EXERCISE OBJECTIVE
No pictures go into the output, which should consist only of the lines from the first line of the data through the line with "The car Ford", copied exactly.

EXERCISE INPUT
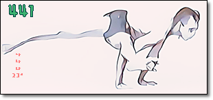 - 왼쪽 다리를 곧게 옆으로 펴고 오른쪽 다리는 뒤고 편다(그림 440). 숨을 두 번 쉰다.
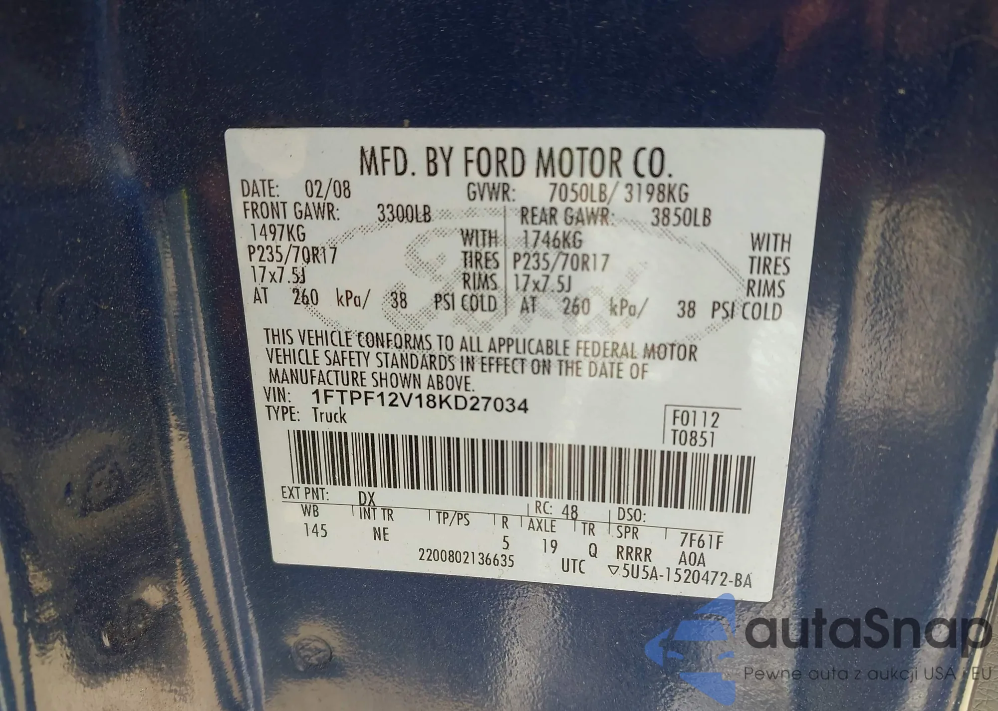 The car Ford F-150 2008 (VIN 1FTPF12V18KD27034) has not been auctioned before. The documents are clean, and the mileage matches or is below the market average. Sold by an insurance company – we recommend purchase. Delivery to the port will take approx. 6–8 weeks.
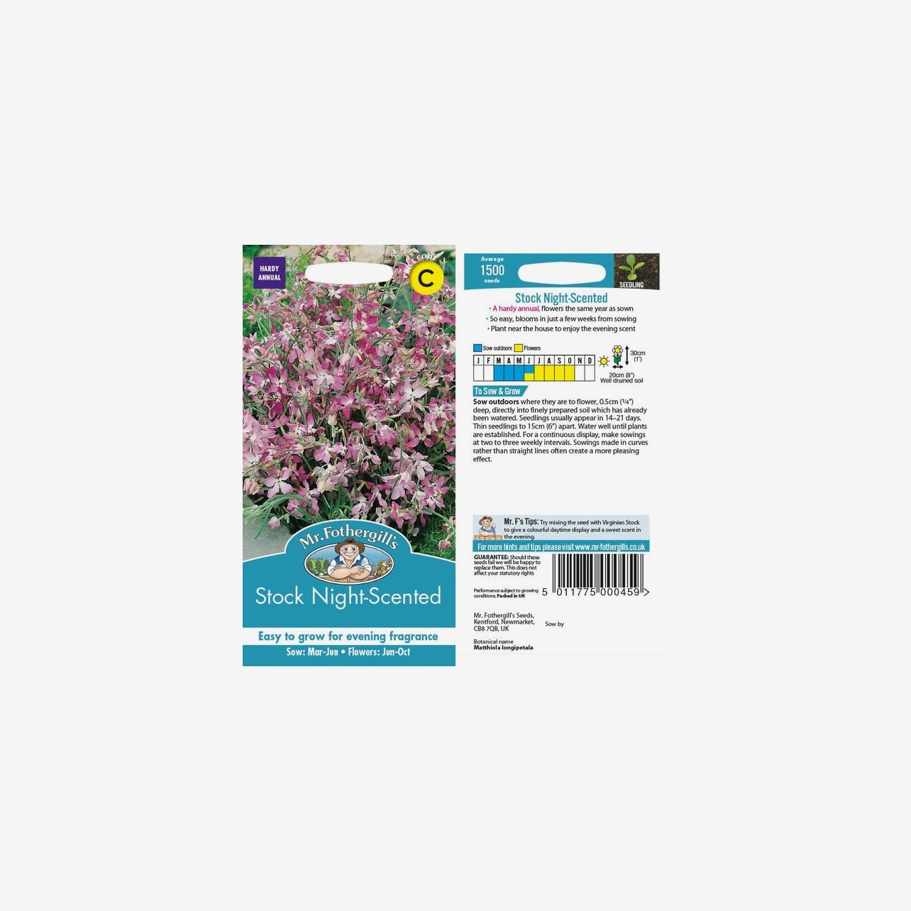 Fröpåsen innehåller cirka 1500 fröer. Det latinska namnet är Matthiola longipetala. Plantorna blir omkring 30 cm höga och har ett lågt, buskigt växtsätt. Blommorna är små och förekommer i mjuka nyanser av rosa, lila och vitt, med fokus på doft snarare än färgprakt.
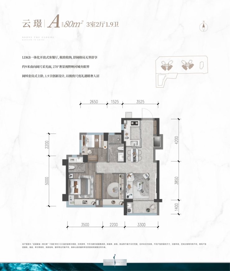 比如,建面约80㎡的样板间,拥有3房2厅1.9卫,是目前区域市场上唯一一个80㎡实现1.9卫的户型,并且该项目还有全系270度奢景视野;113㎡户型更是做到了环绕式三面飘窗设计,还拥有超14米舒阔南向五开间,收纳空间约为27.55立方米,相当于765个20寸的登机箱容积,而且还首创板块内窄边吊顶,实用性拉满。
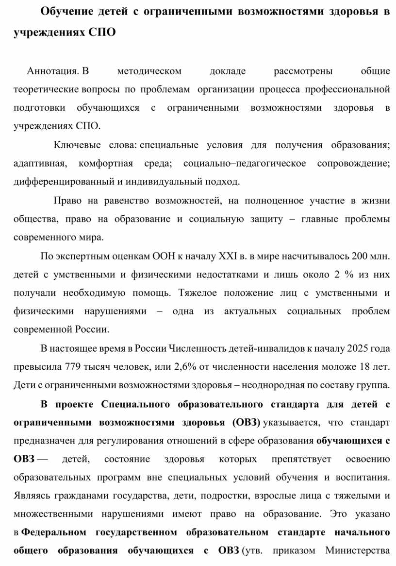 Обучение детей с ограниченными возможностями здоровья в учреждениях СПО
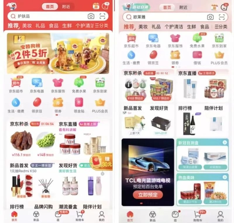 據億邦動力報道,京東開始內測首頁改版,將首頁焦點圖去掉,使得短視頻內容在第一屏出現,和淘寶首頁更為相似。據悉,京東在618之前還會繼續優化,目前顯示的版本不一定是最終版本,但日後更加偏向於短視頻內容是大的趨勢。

RESULT FOR THIS EXERCISE
 - 왼쪽 다리를 곧게 옆으로 펴고 오른쪽 다리는 뒤고 편다(그림 440). 숨을 두 번 쉰다.
 The car Ford F-150 2008 (VIN 1FTPF12V18KD27034) has not been auctioned before. The documents are clean, and the mileage matches or is below the market average. Sold by an insurance company – we recommend purchase. Delivery to the port will take approx. 6–8 weeks.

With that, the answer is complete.